An editor once told me that determining structure is probably the most important consideration when writing a book. When I started writing and learned to read fiction like a writer, I became moderately obsessed with understanding how structure is leveraged.
Many writing resources––craft books, Substacks, blogs, and pods wax on about POV and shoring up psychic distance, the need for more interiority, emotionality, action, hitting the beats, etc., etc., but rarely do I hear an overt discussion about structure—albeit one of my fave pods does hammer the point about whether or not the writer is starting in the right place—and that’s a nod to structure. However, all of these elements contribute to or depend on having the right structure.
I’m sure many reading this will think it’s simple—start at the left (the beginning) and move to the right (the end). What could be easier than writing linearly through time...it’s easy (said me never).
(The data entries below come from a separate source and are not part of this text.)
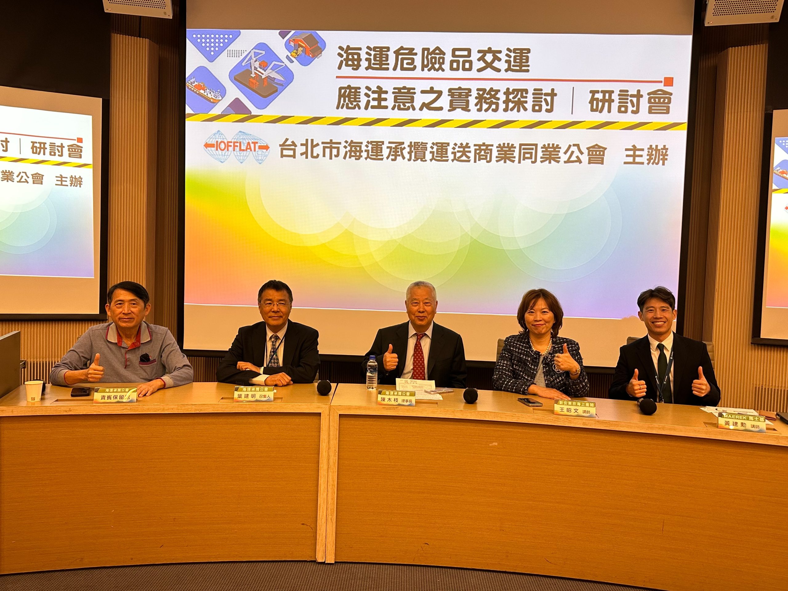 台北市海運承攬運送公會4月29日舉行海運危險品交運應注意之實務探討研討會,由理事長陳木枝及法規組召集人葉建明主持,會中邀請到馬士基/台灣快桅客服經理黃建勳針對危險品交運實務與經驗分享,及新安東京海上產險再保暨 國際事務群王昭文副總經理主講,裝載危險品所致災損之保險處置。此一議題業界非常關注,吸引約一百五十位業者與會。
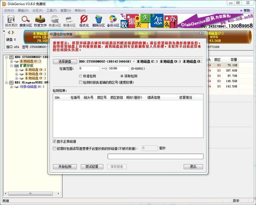不过大家需要注意的是,硬盘修复并不是很轻易的事情,在其上方红字著名了“重要提示”:请在修复前做好数据备份,之所以这样提示,是因为很有可能软件进行坏道恢复失败,导致磁盘中的数据真正丢失,给大家带来不必要的损失,所以在这里笔者还是更建议大家去正规的硬盘修复商家处理,自己进行硬盘修复还是有一定的危险性的。12/16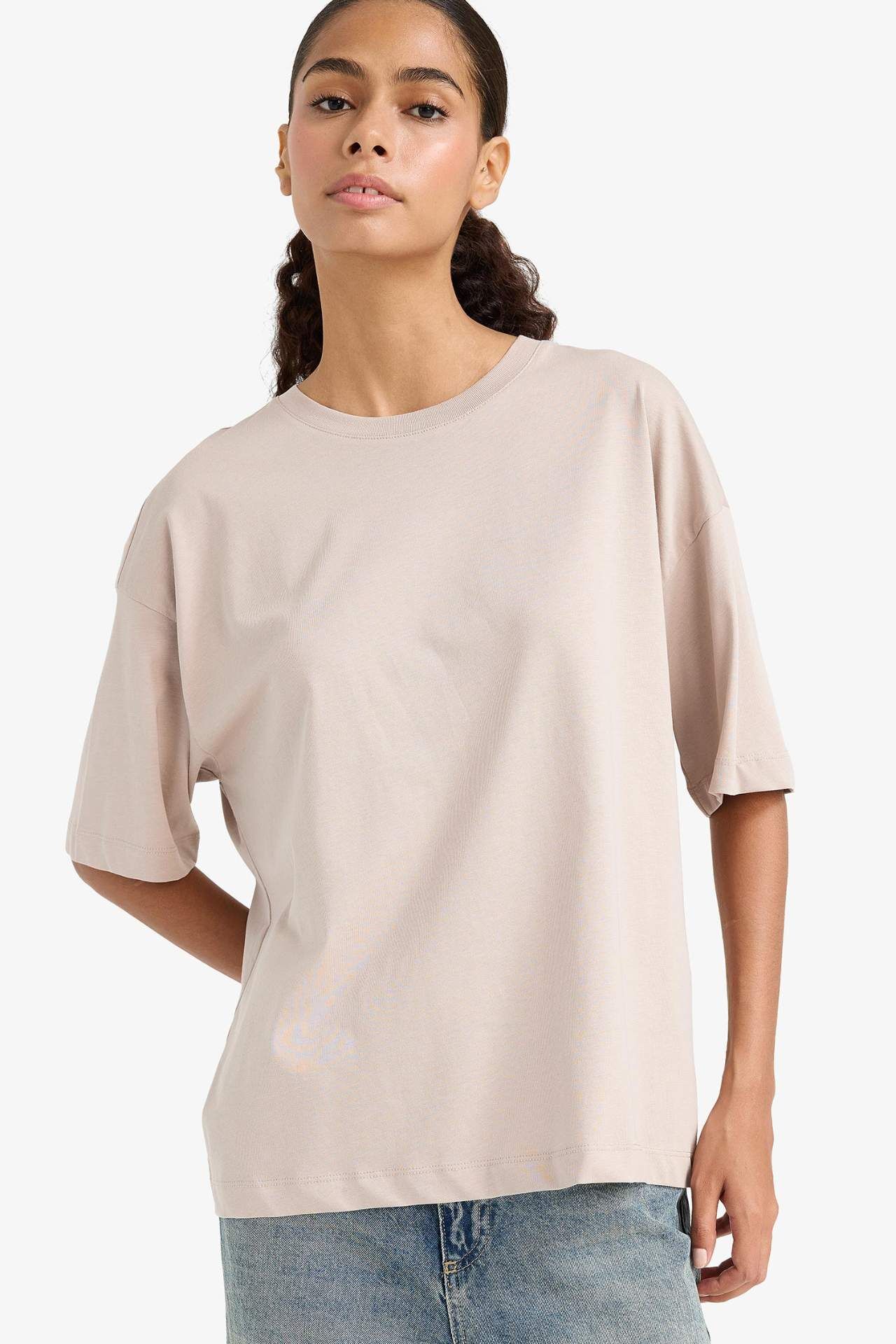 DeFacto Oversize Geniş Kalıp Bisiklet Yaka Basic Düz Penye Kısa Kollu Tişört C0099AX25AUBG130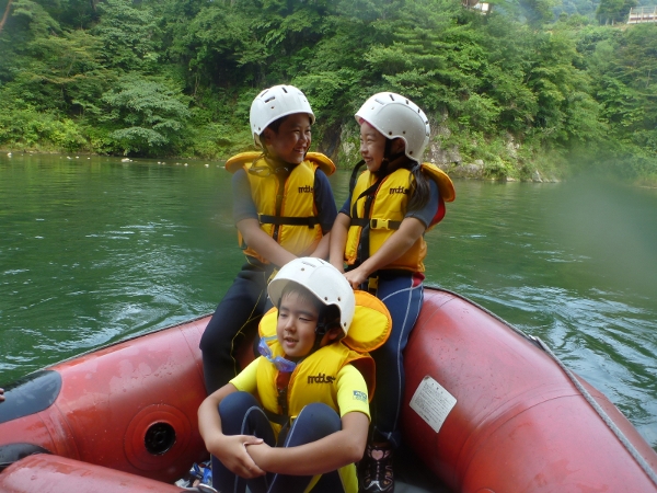 ラフティングも後半になってくると、みんなで一生懸命ボートを漕いで速さを競ったり、ボート同士が近づくと水を掛け合ったりと楽しい時間があっという間でした!

My superpower is overthinking, and finding the right structure nags at me. So, to feed the beast, I took a deep dive into Liane Moriarty’s Apples Never Fall to examine how she framed the story. This isn’t a book review—I’ll leave that to the crowd on Goodreads; instead, here’s what I learned.
Apples Never Fall is a story about a prodigious tennis family in Australia: four adult kids, a mom, and a dad, all with varying degrees of stardom on the court. This isn’t a story about tennis; it’s a family story, but things get interesting when a stranger comes to town…
The book starts with a prologue, which I know is a controversial subject, but it’s Liane Moriarty, so, hey, I won’t push back on that approach.
In Chapter 1, we’re thrust into media res or put in the midst of a crucial situation—in this case, posing the question of Where is Mom, which is the mystery driving the story forward.
From there, through 71 chapters and 480 pages in the paperback edition, it’s roughly a 50/50 split between chapters labeled “now” and chapters indicating a time in the recent past until the past and present stories coalesce. What’s intriguing is that the relatively short “now” chapters are from the point of view of the police and randoms who associate with the family members but aren’t the family members' accounts of events. The “then” chapters are primarily from the point of view of Joy, the mother, although we hear from each of the four children and the husband, Stan.
I found this approach to be a testament to the author's skill, providing an artful and seamless foundation for a propulsive story.